Итак, Глеб Дмитриевич решил, что пора жениться. Но окружающие его женщины были либо хищницами, готовыми поглотить его состояние, либо никчемными существами, не способными создать семейный уют. И что делать он не знал. Обращаться в брачные конторы и знакомиться по Интернету он считал ниже своего достоинства. А заводить новые знакомства он побаивался, так как не ждал от них ничего путного. Он перевернулся на другой бок и задумался. Что делать; он уже не юноша и совершенно одинок. Есть, конечно, слуга Виктор, который кормит его и ходит за ним как за малым дитятей, зная, что где лежит, что в стирке, что в ремонте, а так же кто, где и когда ждет хозяина. И самое главное - что именно нужно надеть. Одевание стало проблемой для Глеба Дмитриевича с тех пор как появились деньги. Все события требовали соответствовать, а никто и никогда его этому не учил. Туфли, галстуки, пиджаки, брюки и рубашки занимали целую комнату. Все это было куплено Виктором, или под Викторовым присмотром.
Глеб Дмитриевич, погрезив минут пять о том, как хорошо было бы разрешиться от тягот одинокой жизни, наконец, встал, надел халат и вышел из комнаты. Он направился на кухню узнать готов ли завтрак.
- Доброе утро, - отозвался от плиты Виктор. Он был добрый малый, прошедший курсы дворецких и личных слуг. Голова его уже почти поседела. Он всегда улыбался скромной улыбкой человека готового понять и помочь. Улыбнулся он и сейчас.
- Доброе утро, - ответил ему Глеб Дмитриевич.
- Завтрак скоро будет готов. Сегодня кофе, тосты с маслом и омлет с зеленью и беконом.
- Вот и славно, пора бы мне уже пойти и умыться, - Глеб Дмитриевич пошел было уже в ванную, но вдруг остановился в дверях кухни и обернулся к слуге. - Виктор, вы были когда-нибудь женаты?
- Да, два раза.
- И как?
- Что как?
- Что вы об этом думаете?
- Трудно найти хорошую жену, обычно женщины хотят всего и сразу. Они не умеют ждать. От этого все разводы.

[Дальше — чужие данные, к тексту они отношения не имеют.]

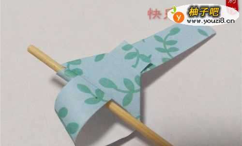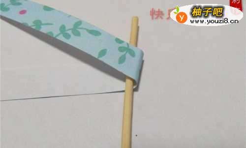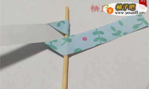 2取出一个棉签棍,把彩纸条如图所示放置。

- И вы, Виктор, не хотели бы жениться еще раз.
- Нет, что вы. Два раза - это больше, чем достаточно.
- Спасибо за откровенность.
- Всегда рад, Глеб Дмитриевич. Я буду накрывать в кабинете. Туда же отнесу свежую почту.
Глеб Дмитриевич принял холодный душ, побрился и, почистив зубы, отправился в кабинет завтракать. Омлет был хорош, кофе был еще лучше, а тосты хрустели так, что душевный комфорт, потерянный в мыслях о собственном одиночестве, вернулся. Раннее летнее утро заиграло всеми красками. Птицы пели, машины шумели где-то вдалеке, где проходил Новый Арбат. И хотя ночной дождь оставил лужи, в них отражалось солнце. Все это было видно и слышно из окна, выходившего в тихий двор, где стояли дорогие машины соседей, и его собственный BMW.
Настало время почты. Биржевые отчеты полетели в корзину, за ними последовали письма, в которых просили денег на все, что угодно от операций на сердце до ремонта крыши над головой. Оставался только большой пухлый конверт со штампом "Галерея Симягина". Глеб Дмитриевич открыл его и на стол вывалился пухлый том каталога выставки из частного собрания Алексея Васильевича Тернищева. Альбом требовал внимания, и у Глеба Дмитриевича было время его посмотреть. Полистав внимательно минут десять, он вдруг увидел такое, что сначала не поверил своим глазам. "Портрет Девушки" Репина так поразил его, что последний тост стал в горле. Прокашлявшись, он пришел себя. Это был знаменитый портрет его прабабушки, от которого в семье осталась только одна фотография. Как он уцелел в советский период, и как он попал к этому Тернищеву. В этом надо было разобраться.
А что, если его купить, подумал Глеб Дмитриевич. Репин, конечно, не концептуалист. Но это утраченная семейная реликвия. И вернуть ее в семью было бы хорошо. Он не знал своей прабабушки, она умерла до его рождения. Все, что у него осталось от нее это несколько фотографий. Вот она в молодости в Швейцарии на водах. Вот с детьми в Крыму после революции. Вот она среди книг в библиотеке, где проработала тридцать лет. И, в общем-то, все, если не считать снимка, сделанного с портрета. Фотография эта была старая, желтая и вся измята. Но то, что эта картина из каталога ее портрет сомнений не оставалось. На репродукции в каталоге, прабабушка была в легком платье, почти девочка, с огромными газами и жутким количеством веснушек на всем лице.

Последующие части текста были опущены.